Qi Tao, head of the Shandong Department of Education, would never have believed the miserable situation in rural education if he hadn't seen it with his own eyes.

"Why do rural teachers prepare their lessons on the ground? Why is the classroom empty with nothing left when a class is over? Because the teachers don't have their own desks, and the emptiness is because the desks and benches are brought to the class by the students themselves," the educational officer said in describing what he had witnessed when he inspected a rural school in the province.

"The conditions are so tough there for the children, it almost made me cry," said Qi.

Such poorly equipped schools are not rare in rural China. The terrible rural education situation is related to China's unbalanced educational policy, which favors urban education. During the period just after the founding of the People's Republic in 1949, when the country was in desperate need of talent to rebuild the country, the Central Government had to put its limited education funds into the key universities in cities to cultivate talent as fast and as much as possible. But 50 years have passed and this policy has not undergone any changes. Instead, it has become more unbalanced in some places.

China's education expenditures make up only 3 percent of its gross domestic product, equal to the level in the 1980s in Western countries. The insufficient input has long been the bottleneck restricting the country's education development.

Other statistics from the Ministry of Education show that the average education received by rural people above 15 years of age is seven years, three years less than that of urban residents. Among the rural labor force between the ages of 15 and 65, only 1 percent have had education above the junior college level, 13 percentage points lower than urban residents.

For quite a long time, China's compulsory education has been handled by local governments. Due to the imbalance in economic development in different regions, education levels differ from region to region and such an imbalance has been enlarged.

The Ministry of Education says three fourths of the illiterate or semi-literate population lives in the countryside in China's west and in regions populated by minority groups.

Reducing the inequality

Even within the same region, educational resources are distributed unequally. Under the examination-oriented education system, most of the educational resources are allocated to so-called "key schools" and "key classes."

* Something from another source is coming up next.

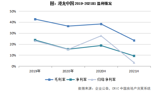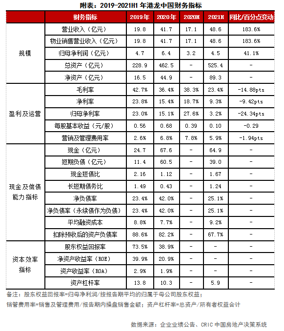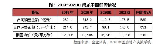 業績增長超行業平均,目標完成率51.7%。2021年上半年,港龍中國合約銷售金額178.5億元,同比增長約58%,高于百強房企平均40%的銷售增長率。同期銷售面積148.8萬平方米,同比增長65%。管理層在2020年中期業績發布會上表示2021年的銷售目標為345億元,前6月目標完成率51.7%,高于行業49%的平均水平。

To control the enrollment in these key schools, a high entry threshold has been set up. If a student fails to reach the cut-off score on the examinations, he has to pay a large sum of money called a "school-choosing fee" in order to enroll. In Chongqing, for example, the fee for the city's No. 8 Middle School stands at 35,000 yuan, equivalent to the annual income for a working class family. Under such circumstances, some parents have to make use of all their personal connections to send their children to these key schools.

A survey of the equality of a high middle school education in 10 cities showed that the 10 percent of children from families of Party cadres or government officials and middle- or high-level managers account for 42 percent of the student enrollment in key schools. In Beijing, the proportion stands at 57 percent.

The Chinese Government is now working on narrowing the inequality. A series of government documents released in 2006 ruled that the increased educational budget is to be mainly used in rural education. Rural students receiving compulsory education have been exempted from tuition and miscellaneous school fees, and schools are not allowed to be split into "key schools" and "non-key schools."

In addition, many local governments have launched teacher exchange programs. In October, 52 schools in Shenyang welcomed 1,000 rural teachers, who shared teaching experiences with their urban counterparts and received training from the veteran urban teachers.

In September the Zhengzhou educational bureau in central China began a one-year teacher exchange program in which 646 rural and urban teachers shifted positions. In five years, the city will allow all urban teachers to teach in rural areas for one year, said Si Futing, the city's education bureau chief.